After the curing, the specimen was thawed by leaving it in a room at 20 ° C. for 3 hours before performing the compressive strength test.
The concrete materials used are as follows.
Cement: Onoda Cement Co., Ltd., ordinary Portland cement fine aggregate: Kawasago Specific gravity 2.60 Coarse grain ratio 2.85
Coarse aggregate: crushed stone MS20mm
[0024]
[Table 1]

[0025]
(Note) C: Cement (Kg) W: Water (Kg) S: Slump (cm)
7, 28 in the column of compressive strength represent 7 days and 28 days.
[0026]
【The invention's effect】
The concrete containing the admixture of the present invention has an excellent effect that the strength does not decrease even when exposed to low temperatures.

Claims (7)

A. 60 to 90% by weight of a freezing point depressant; 5-20% by weight of hydrophobic porous particles; 5 to 20% by weight of non-deliquescent and non-water-absorbing hydrophilic particles. The low temperature exposed concrete admixture according to claim 1, wherein the freezing point depressant is mainly composed of 1 or 2 selected from potassium acetate and calcium acetate.
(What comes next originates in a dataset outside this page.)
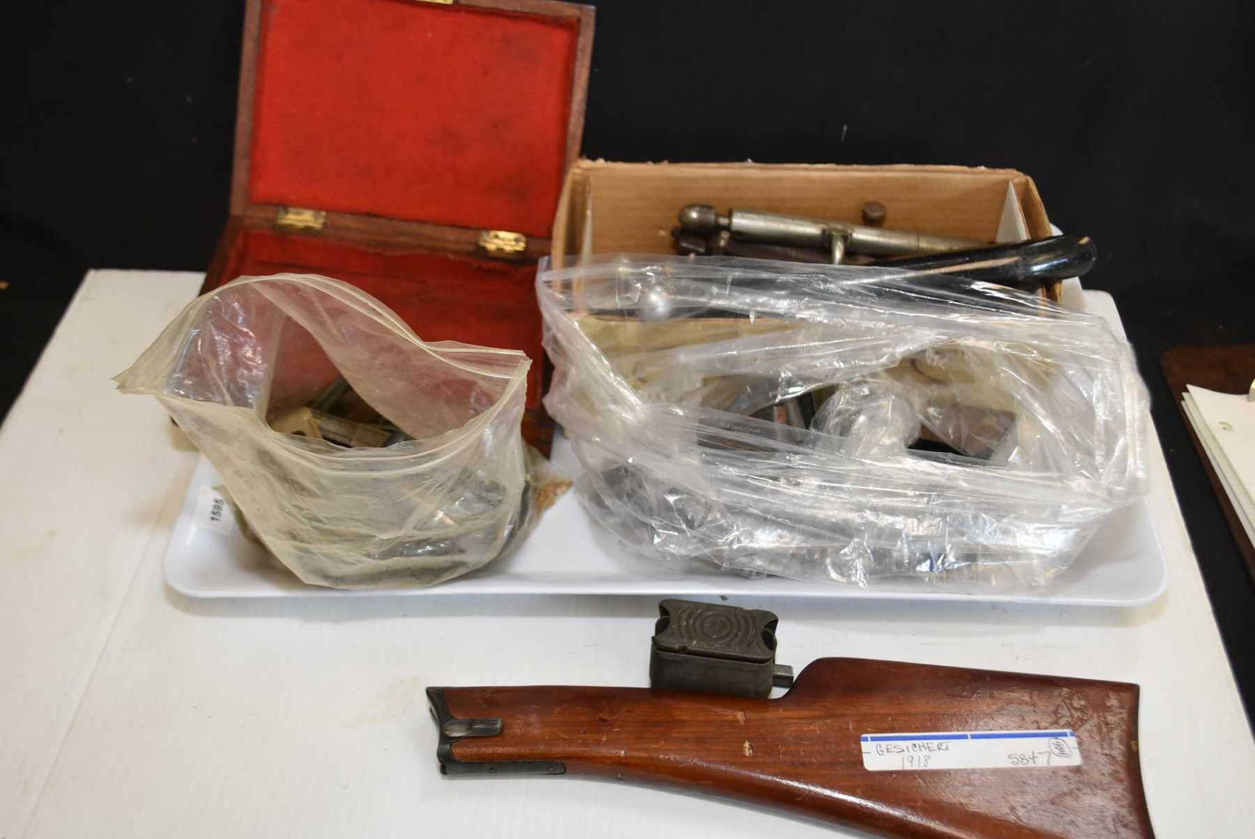 Bag of assorted clips, box of assorted bolts, wooden stock with paper label marked Gesichert 1918 and an antique pistol lock box ( no gun included)

The low temperature exposure concrete admixture according to claim 1, wherein the freezing point depressant is a mixture of iron acetate 1 or 2 selected from calcium acetate and calcium acetate and iron sulfate hydrate and magnesium salt added thereto. 2. The concrete admixture according to claim 1, wherein the freezing point depressant is a mixture containing calcium acetate as a main component obtained by reacting acetic acid and phosphoric acid with dolomite, and a mixture of a magnesium salt and the like. The concrete admixture according to any one of claims 1 to 4 , wherein the hydrophobic porous particles are one or more selected from pearlite, expanded mica, shirasu balloon particles, and expanded polyurethane particles. The low temperature according to any one of claims 1 to 5 , wherein the non-deliquescent, non-water-absorbing hydrophilic particles are one or more selected from lava powder, quartz powder, pumice powder, and foamed glass powder. Admixture for concrete exposed to water. The low temperature exposed concrete admixture according to any one of claims 1 to 6 , which is used in an amount of 1 to 15% by weight based on the solid content of the concrete.